The third cluster of services was summed up in a statement by Google's CEO to financial analysts: "We are moving to a Google that knows more about you" (reported in The New York Times of 10 February 2005, and subsequently in many other places).
The foundations for this are provided by the search-terms that each user keys into the search-form, and that are stored by Google. The search-terms are associated with the IP-address from which the user accessed the search-engine. Google encourages consolidation of the data against a username, by offering Google Accounts, and 'Personalizing Services'. The username is the individual's email-address. This is convenient for both the user and Google Inc., although for different reasons.
Google's basic services therefore provide the company with substantial and potentially sensitive information about its users, which generates opportunities for substantial financial returns. But the company is making sure that there will be more, of both.
One line of development was signalled by the launch in 2004 of a gratis web-mail service dubbed GMail. This has features that differentiate it from its predecessors such as Hotmail and Yahoo. One feature is huge storage space, which enables long-term retention of messages. Another is the auto-selection of ads for display to the subscriber. The impression given by the original announcement was that the selection criteria are based on text in the message from the subscriber's correspondent, but they could easily be upgraded to also reflect the subscriber's accumulated profile.
Another relevant business line is Google's offering within a recently-emerged category of web-based services. So-called 'social networking services' (SNS) have exploded in a manner reminiscent of the halcyon days of the mid-to-late 1990s, before 'the dot.com bust'. An SNS provides space where people can establish and expand networks of human contacts. It involves participants creating profiles for themselves that are variously straightforward, creative and downright dishonest. The orientation of such services ranges from social to business, and their functions include flesh-markets for new human relationships, for new employees, for new customer-supplier relationships, and for new strategic partnerships. Google's entrant in this market is called Orkut. Information about the features of the scheme appear to be available only to subscribers.
But these are mere side-plays. The key service in this cluster is Google Desktop. Tools to provide search capabilities across the user's own storage have been available for some time. For example, Apple delivered a tool on its Macintoshes in 1998 as Sherlock, more recently as Spotlight. A Microsoft offering for the dominant Wintel workstation environments is still awaited, and third parties have been busily filling the vacuum. Google is seeking to leverage off its recognition as the dominant search-tool on the public Web to become the dominant search-tool for users' private holdings as well.
Sure enough, on 9 February 2006, when Google released Desktop version 3, it included an extended service, called Search Across Computers. To deliver that service, Google transmits copies of users' files to Google servers, and keeps them there. This is a vast amount of personal data, that is in part sensitive, and which as a whole is sensitive. And it is largely unprotected by US law.
A Google executive was quoted as saying "We think this will be a very useful tool, but you will have to give up some of your privacy" (Hearn 2006).
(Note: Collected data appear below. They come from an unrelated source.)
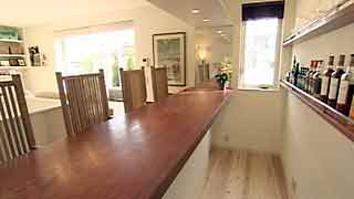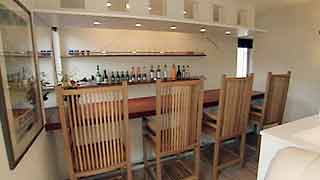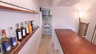 | 人生は楽しむべきもの、建物はその舞台です。ご夫婦の趣味が最大限に生かされた建物です。 まずは、ゴルフ。建物内部にドライバーがフルスイングできる練習室を設けました。そのために他のスペース、なんとリビングダイニングを縮小してしまったという思い切りの良さに脱帽です。 続いてバー。大きなカウンター、オーダーメイドの椅子で、大好きなお酒を楽しめる場所です。これも趣味性の高い場所です。 そして、愛犬のためのスペース。リビングが無くなっても、愛犬の居場所はしっかり作る。本当にワンちゃんを可愛がっているというのが伝わって来ます。 |
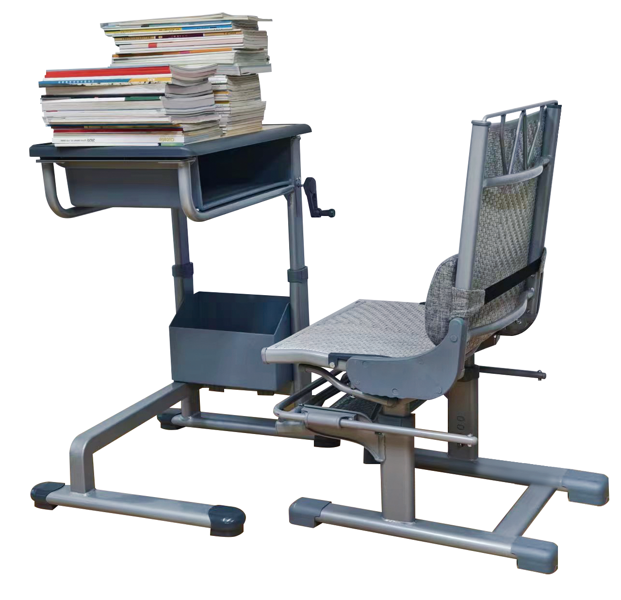 1、課桌規格:整體框架采用單側雙立柱結構,通過課桌立柱一側桌斗旁的手搖升降調節裝置,可調節桌面高度(640mm-790mm)±5mm,符合課桌椅國標5號-0號標準,適用于小學到高中群體。
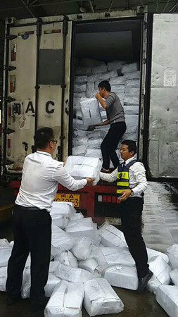 圖為工作人員幫忙搬運掉落的貨物 這輛滿載海鮮的綠農車,貨物掉滿車道,司機一人束手無策,當班班長陳豐平在拍完綠農照片后,叫上班員林葉輝,一起快速幫助司機一件一件地傳遞貨物。盡管每一袋貨物都十分重,但是他們?yōu)榱藥椭鷰煾堤嵩缯碡浳铮櫜坏媚樕辖豢椀暮顾陀晁?/span> 由于工作人員的幫助,司機離開時一直道謝。他們對司乘人員的主動援助,使得溫嶺西收費所的服務不單單停留在窗口問候上,還將延伸服務一直呈現。 陳豐平
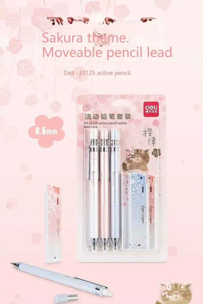 6Pcs/set Kawaii Lovely Fresh Cherry Sakura Mechanical Pencil 0.5mm Automatic Pencil for Student School Office Supplies
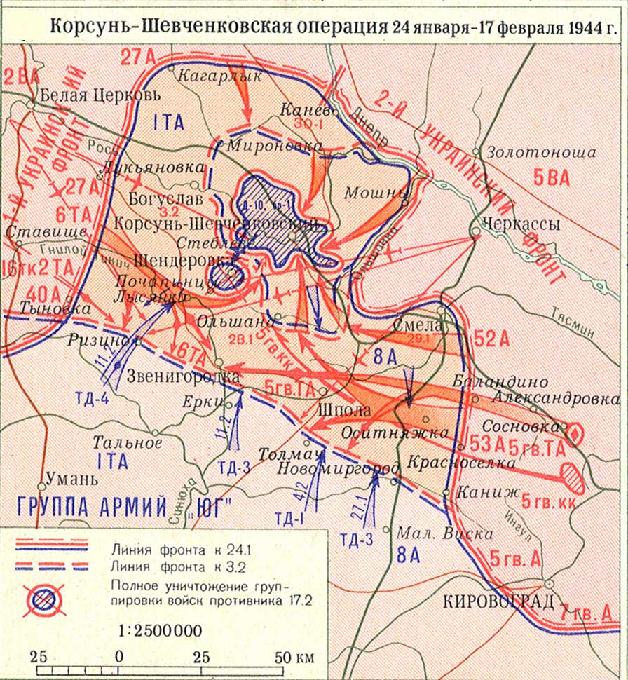 24 января 1944 г. началась Корсунь-Шевченковская наступательная операция и уже 28 января клещи сомкнулись у Звенигородки. В окружении оказались более десяти вражеских дивизий. Маршалл Г.К. Жуков, как всегда, уделил серьезное внимание укреплению внешнего кольца окружения. И фельдмаршал Э. Манштейн не замедлил себя ждать – бросился вызволять отрезанные войска из «котла». Однако, эта попытка не увенчалась успехом – мастерство наших командиров и храбрость солдат позволили отбить все атаки извне. Положение окруженных вражеских войск становилось безнадежным, тем не менее 9 февраля они отклонили ультиматум о сдаче. После этого родилась знаменитая фраза Сталина: «Если враг не сдается, его уничтожают». И враг был почти полностью уничтожен – в боях погибло 55 тыс. солдат и офицеров противника, в том числе и командующий окруженной группировки генерал В. Штаммерман. В плен было взято 18 тыс. и боевая техника этой группировки. В приказе от 23 февраля 1944 г. Сталин назвал эту блестящую операцию «новый Сталинград на правобережье Днепра».

Centralised storage in Google servers may be a simple approach to providing a search-service that extends across multiple devices; but, contrary to Google Inc.'s implications, it is not necessary. As commentators quickly pointed out, the reason for it is to provide Google with control over people's devices and data. Microsoft tried a similar manoeuvre some years ago with its Passport service, and failed. Google clearly hopes that its offer will be more compelling, and that people everywhere will donate to Google every piece of data that they possess.
A further signal of Google Inc.'s intentions is its successful tender to the City of San Francisco to provide city-wide wireless access (e.g. Kopytoff 2006). The technology (understood to be Wifi, aka IEEE 802.11b/g) would enable the company to identify the user, to know the user's location within perhaps 50 metres, and hence to track the user's movements around the city. The Google service is to be available gratis, and funded through advertising. The information at the company's disposal is so rich that it can very accurately target the ads at each person's interests, and location.
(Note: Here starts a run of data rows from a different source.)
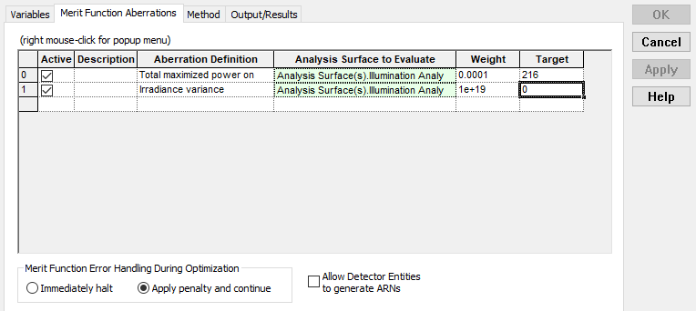 2. Aberrations: A merit function will be formed during optimization and used to determine whether the optimization process is moving the variables in the direction of the best configuration. The merit function itself is formed by defining individual aberrations to be evaluated (ex. RMS spot size, total power, irradiance variance) and then taking the weighted sum of the squares of the aberrations as the final merit function value. In our application, the aberrations will be configured to maximize the total power on the illumination plane and to minimize the variance in the irradiance distribution at the illumination plane.
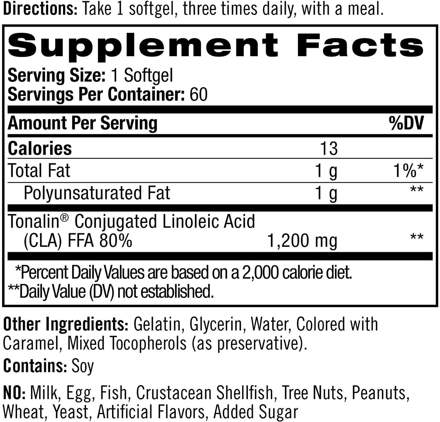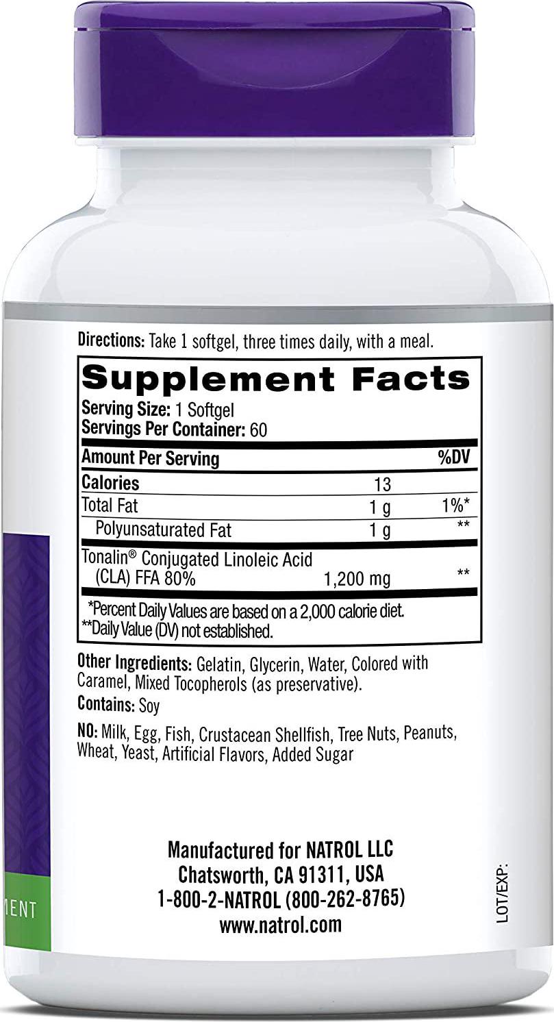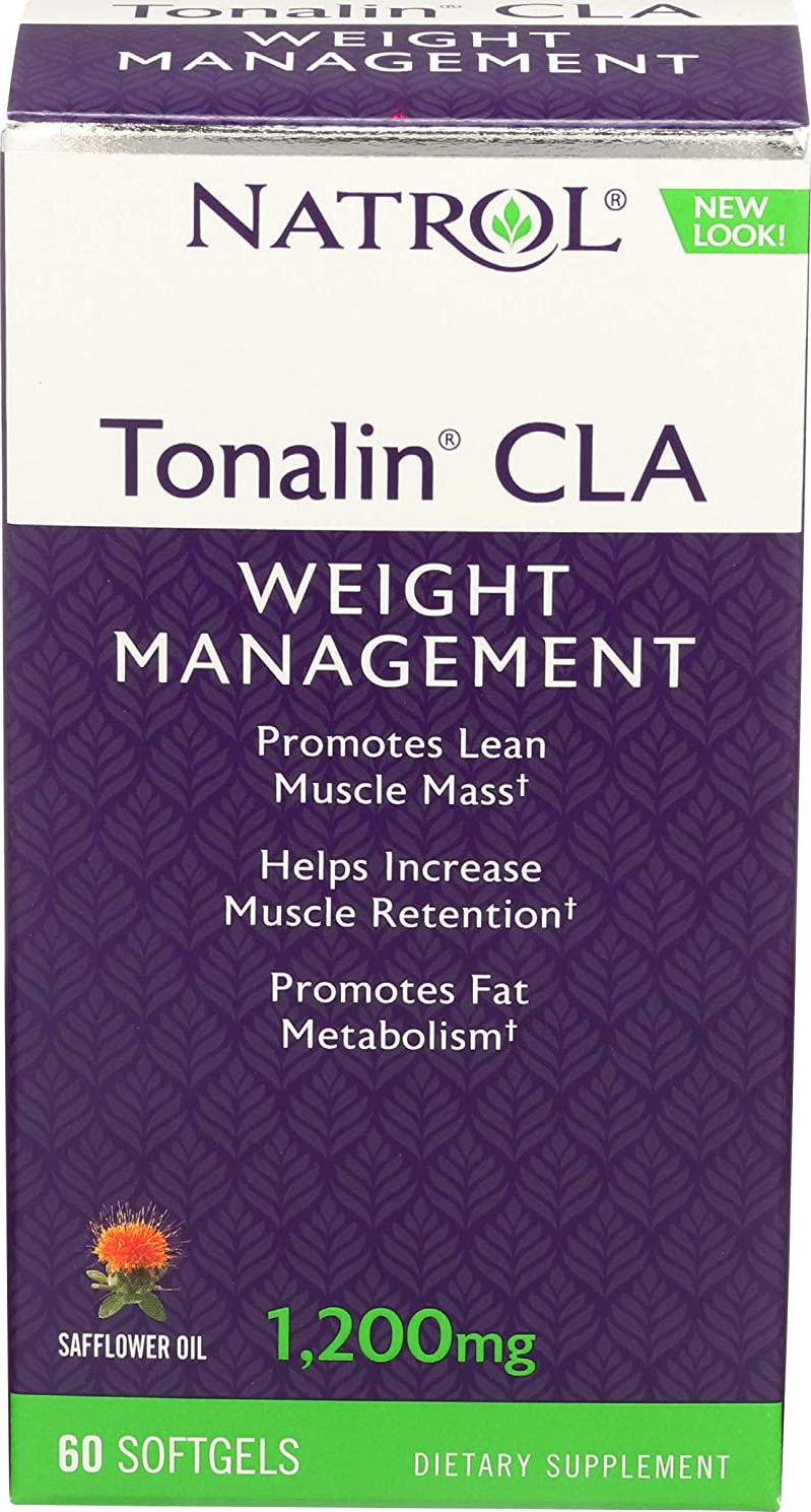 Natrol Tonalin CLA Softgels, Derived from Safflower Plant, Promotes Lean Muscle Mass, Helps Increase Muscle Retention, Promotes Fat Metabolism, Weight Management Supplement, 1,200mg, 60 Count
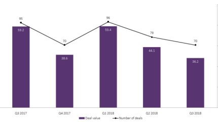 Capital raising, through debt offerings, witnessed a decrease of 21% in deal value, recording $27.7bn in Q3 2018, compared to $35bn in Q2 2018. Capital raising, through equity offerings, registered a significant increase of 76% in deal value, with $7.2bn in Q3 2018, compared with $4.1bn in Q2 2018. Further, four private equity/venture capital deals, with a combined value of $1.3bn, were recorded in Q3 2018, compared to six deals of a combined value of $5bn in Q2 2018.

These large, expanding and mutating clusters of services pose challenges to the interests of the many different categories of party that have an interest in contemporary electronic publishing. They also pose challenges to the operation of the law. This paper considers four key areas, the first being competition law.
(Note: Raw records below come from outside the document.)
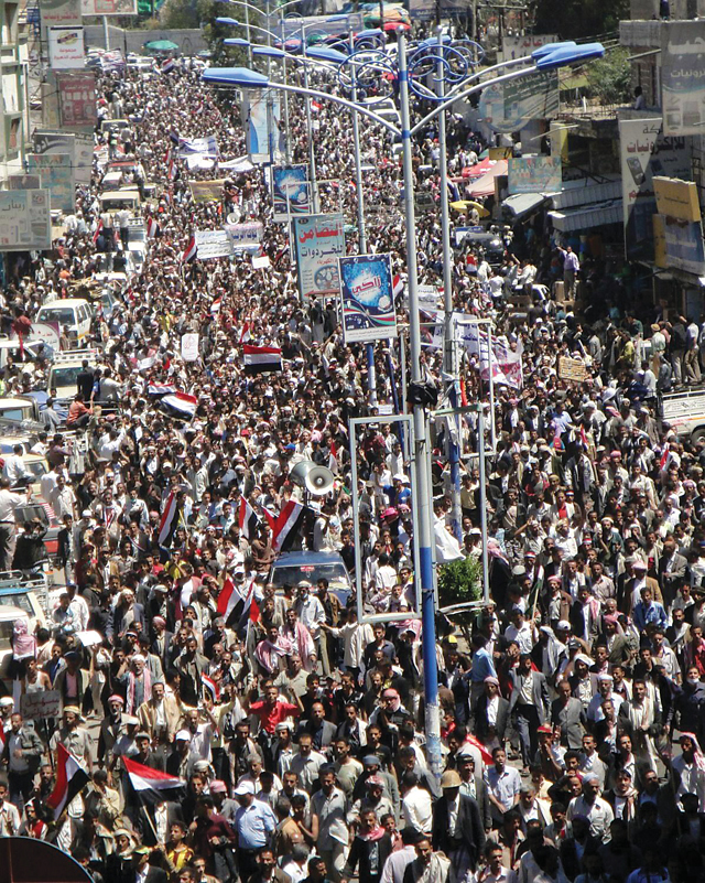 في هذه الأجواء، تظاهر مئات آلاف اليمنيين في إب رفضاً لمبادرة مجلس التعاون الخليجي.. وتظاهر الآلاف في عدن تنديداً بما أسموها مراوغات النظام. وكشف حزب يمني معارض عن اعتقال الحرس الجمهوري اليمني 16 جندياً بتهمة فرارهم من مواجهة محتجين يطالبون بإسقاط النظام.
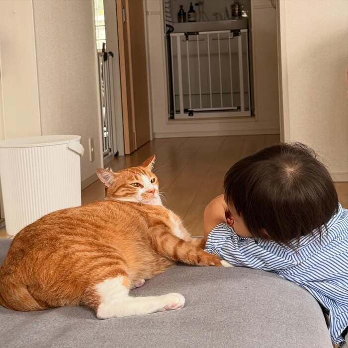 にゃんこと小さな子供のキュートな絡みに思わず癒されちゃう!
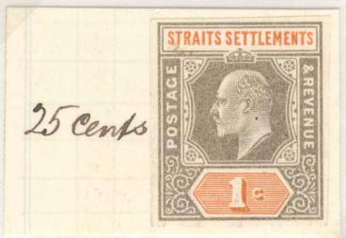 Imperforated colour trial of King Edward VII Straits Settlements 50-cent stamp.

Google dominates search-engine usage, particularly for the general public. But it is far from alone, and it does not appear to have any natural advantage that makes its market uncompetable. Most of its other lines of business, such as Earth, Orkut and Desktop, also do not have the field to themselves.
The limited resources of corporate regulators tend to be focussed on corporations whose dominance of a market segment arises from abuse of market power, rather than primarily because of the slowness or dullness of their competitors. Unless and until it is evident that Google has acted illegally, or has achieved monopoly-positions that are unable to be broken, regulators are unlikely to meddle with a corporation that is an investor's darling (busily 'generating wealth' - whether real or merely apparent), that is very large, and that possesses a great deal of cash to finance lawsuits and lobbying.
Google's moves into content, on the other hand, have given rise to concerns in some quarters that digitisation of old works creates the risk of some kind of monopoly over the content of published works, and hence of monopoly rents; and, worse yet, that the benefits might accrue to the wrong monopolist. There have been prior initiatives to digitise the world's literature, starting with Project Gutenberg in 1971. These were generally communitarian in nature, and not well-funded. But Google's deal with major libraries has stimulated parallel initiatives. One that appears to be head-to-head competitive is the joint project between the British Library and Microsoft announced in November 2005. Others are competitive with Google but collaborative among multiple players, such as the European Digital Library mooted in May 2005, and the Open Content Alliance (OCA) announced in October 2005.
Particularly in view of what might be a virile response from elsewhere in the private sector, it is not clear that a reasonable argument can be mounted that Google's Print and Library campaigns are anti-competitive. That view would need to be revised if, for example, Google were able to use its patents on scanning technology to lock competitors out of the market for an extended period. Otherwise, it would appear that this may emerge as a classic case of that (remarkably uncommon) phenomenon of successfully exploited first-mover advantage.
Although Google does not appear to currently pose major problems for competition law, the discussion of anti-competitive effects in relation to content draws attention to copyright law. It is therefore appropriate to consider that area next.
There are multiple facets of the collision between Google and the various forms of what it has become fashionable (and dangerous) to refer to as 'intellectual property law'. This section begins with a brief survey of copyright issues in the normal operations of search-engines. It then considers trademark aspects, and copyright impacts of Google's emergent content-publishing roles. Finally, conflict is identified between Google Inc.'s interests and those of major publishing corporations.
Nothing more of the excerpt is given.